Hexadecylphosphocholine does not influence phospholipase D and sphingomyelinase activity in human leukemia cells

• Published in: Journal of experimental therapeutics & oncology Vol. 2; no. 4; p. 213
• Main Authors: Berkovic, Dinko, Berkovic, Katharina, Binder, Claudia, Haase, Detlef, Fleer, Eduard A M
• Format: Journal Article
• Language: English
• Published: United States 01.07.2002
• Subjects: Cell Division - drug effects; Humans; Leukemia - enzymology; Phospholipase D - metabolism; Phosphorylcholine - analogs & derivatives; Phosphorylcholine - pharmacology; Sphingomyelin Phosphodiesterase - metabolism; Tumor Cells, Cultured; Tumor Necrosis Factor-alpha - metabolism
• ISSN: 1359-4117
• DOI: 10.1046/j.1359-4117.2002.01036.x

Hexadecylphosphocholine (HePC) is the first representative of the alkylphosphocholines (APC), a new group of biologically active compounds.

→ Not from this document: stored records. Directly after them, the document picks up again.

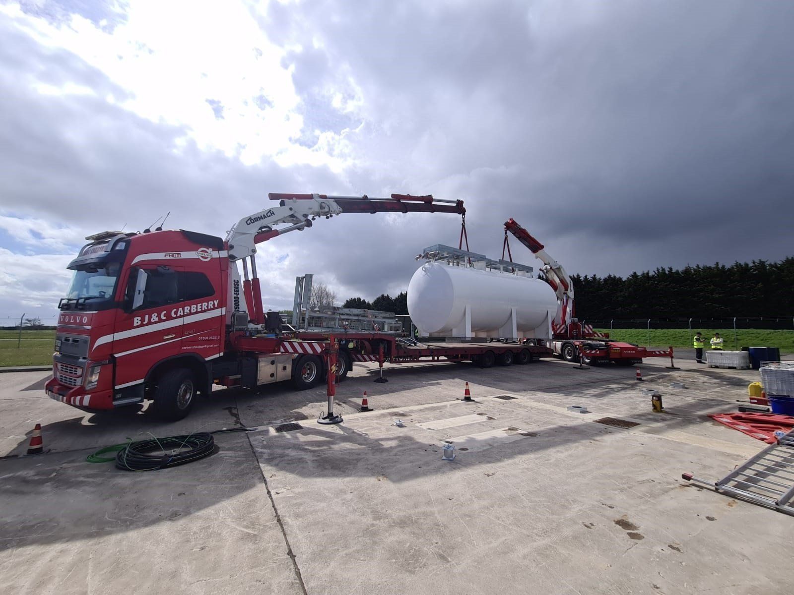 Tandem hiab lift at St Athan Airport Airside
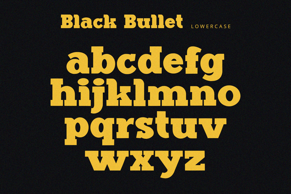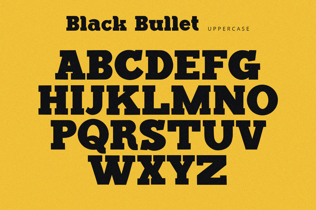 Black Bullet is serif font with bold and classic feels. It will be perfectly used for Branding, Logo Design, Lettering, Logotype, Clothing, Poster, magazine, packaging, posters, shopping bags, t-shirts, book covers, photography, special events and other design project.
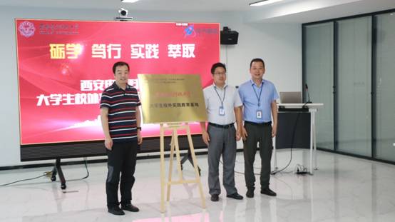 365英国上市集团副经理陈晓龙与华天科技有限公司相关领导共同为“365英国上市集团--老员工校外实践教育基地”揭牌。

HePC has pronounced antiproliferative effects on neoplastic cells in vitro and in vivo. The molecular mechanism by which HePC exerts its biological effects is still under investigation. Recently there has been growing evidence that HePC probably interferes with cellular signalling via phospholipases. It has been shown to inhibit both forms of phospholipase C (PLC), the phosphatidylinositol- and the phosphatidylcholine-specific PLC, and phospholipase A2. Here we present data showing that HePC inhibits the activity of phospholipase D in vitro, whereas the action of this enzyme in leukemic cell lines is not affected. Furthermore HePC does not seem to disturbed the activity of sphingomyelinase, another enzyme of phospholipid metabolism which has been shown to play an important role in cellular signalling as well.